▶ What to work on: Keep the pictures out. Restate the entries below word for word.

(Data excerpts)
-*-

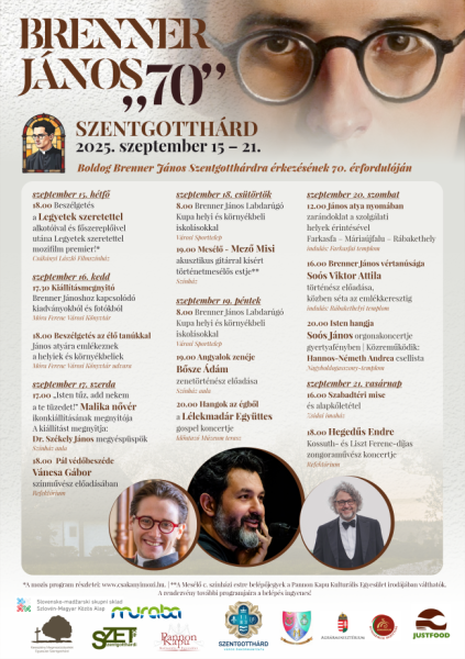 A programokat megtalálják a szentgotthard.hu oldalon az eseménynaptárban, valamint Szentgotthárd Város Önkormányzatának Facebook-oldalán és a Brenner János 70 Facebook-oldalon is, illetve a fenti plakáton.
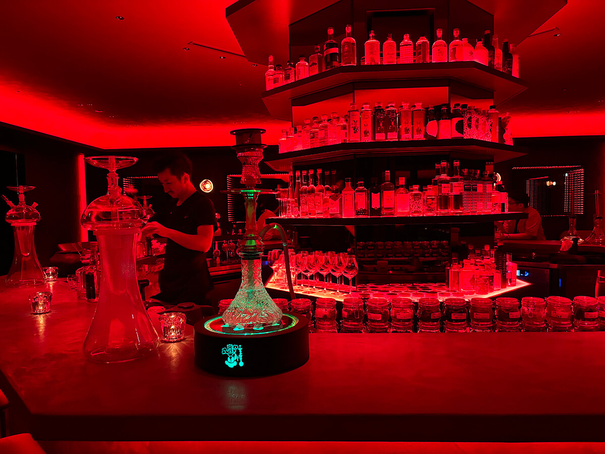 食後ぜひ訪れたいのが、地下のバー/ ナイトラウンジ「レッド」。「大人の遊び場」をコンセプトに、赤いLEDで彩られるシックでアンダーグラウンドな雰囲気の空間だ。世界各地から集めた200種類のクラフトジンが味わえるこのラウンジでは、島のハーブやスパイスをブレンドしたオリジナルシーシャも楽しめる。
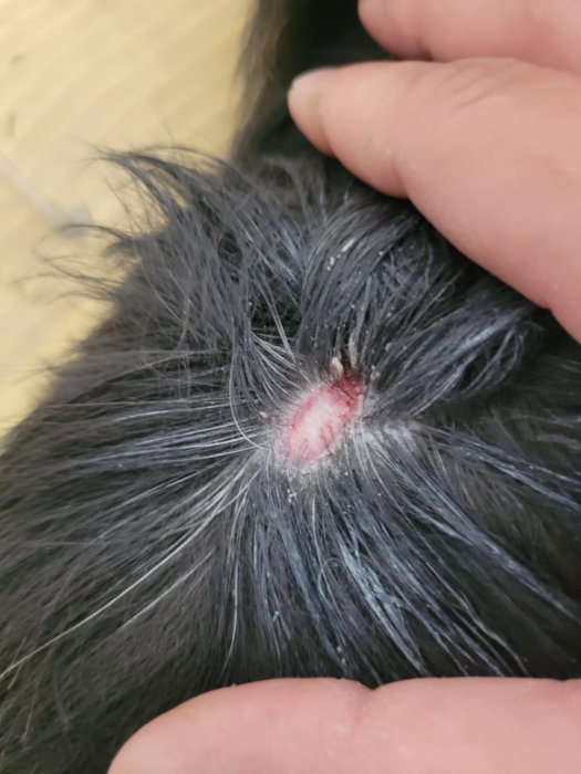 Anonymní:Naše fenka měla před 5 dny na kůži dvě malé červené čárky. Při hlazení citelné. A dnes ráno toto. Co to je a co s tím? Byl tam zaschlý žlutý hnis.
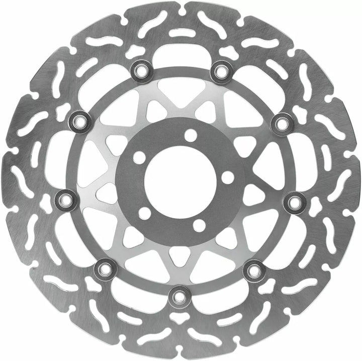 Hoogwaardige stalen rotorconstructie, speciale grondrotoroppervlak afwerking Tellers trillingen en verbetert de remprestaties, de binnenring van drijvende remschijven is gemaakt van aluminium met een exclusieve titaniumkleur geanodiseerde afwerking, voor gebruik met alle TRW Compoound, moet twee schijven bestellen voor dual-rotor-toepassingen
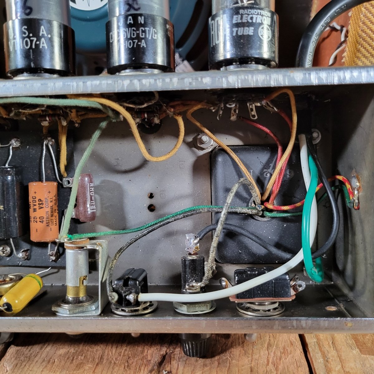 I went through the amp and updated electrolytic caps, checked other components, and changed out the power cable. The pots and tube sockets were cleaned, tubes tested, and I ran it up on my scope to make sure it is running well. And it does run strong and quiet.

-*-

▶ Result below:
 A programokat megtalálják a szentgotthard.hu oldalon az eseménynaptárban, valamint Szentgotthárd Város Önkormányzatának Facebook-oldalán és a Brenner János 70 Facebook-oldalon is, illetve a fenti plakáton.
 食後ぜひ訪れたいのが、地下のバー/ ナイトラウンジ「レッド」。「大人の遊び場」をコンセプトに、赤いLEDで彩られるシックでアンダーグラウンドな雰囲気の空間だ。世界各地から集めた200種類のクラフトジンが味わえるこのラウンジでは、島のハーブやスパイスをブレンドしたオリジナルシーシャも楽しめる。
 Anonymní:Naše fenka měla před 5 dny na kůži dvě malé červené čárky. Při hlazení citelné. A dnes ráno toto. Co to je a co s tím? Byl tam zaschlý žlutý hnis.
 Hoogwaardige stalen rotorconstructie, speciale grondrotoroppervlak afwerking Tellers trillingen en verbetert de remprestaties, de binnenring van drijvende remschijven is gemaakt van aluminium met een exclusieve titaniumkleur geanodiseerde afwerking, voor gebruik met alle TRW Compoound, moet twee schijven bestellen voor dual-rotor-toepassingen
 I went through the amp and updated electrolytic caps, checked other components, and changed out the power cable. The pots and tube sockets were cleaned, tubes tested, and I ran it up on my scope to make sure it is running well. And it does run strong and quiet.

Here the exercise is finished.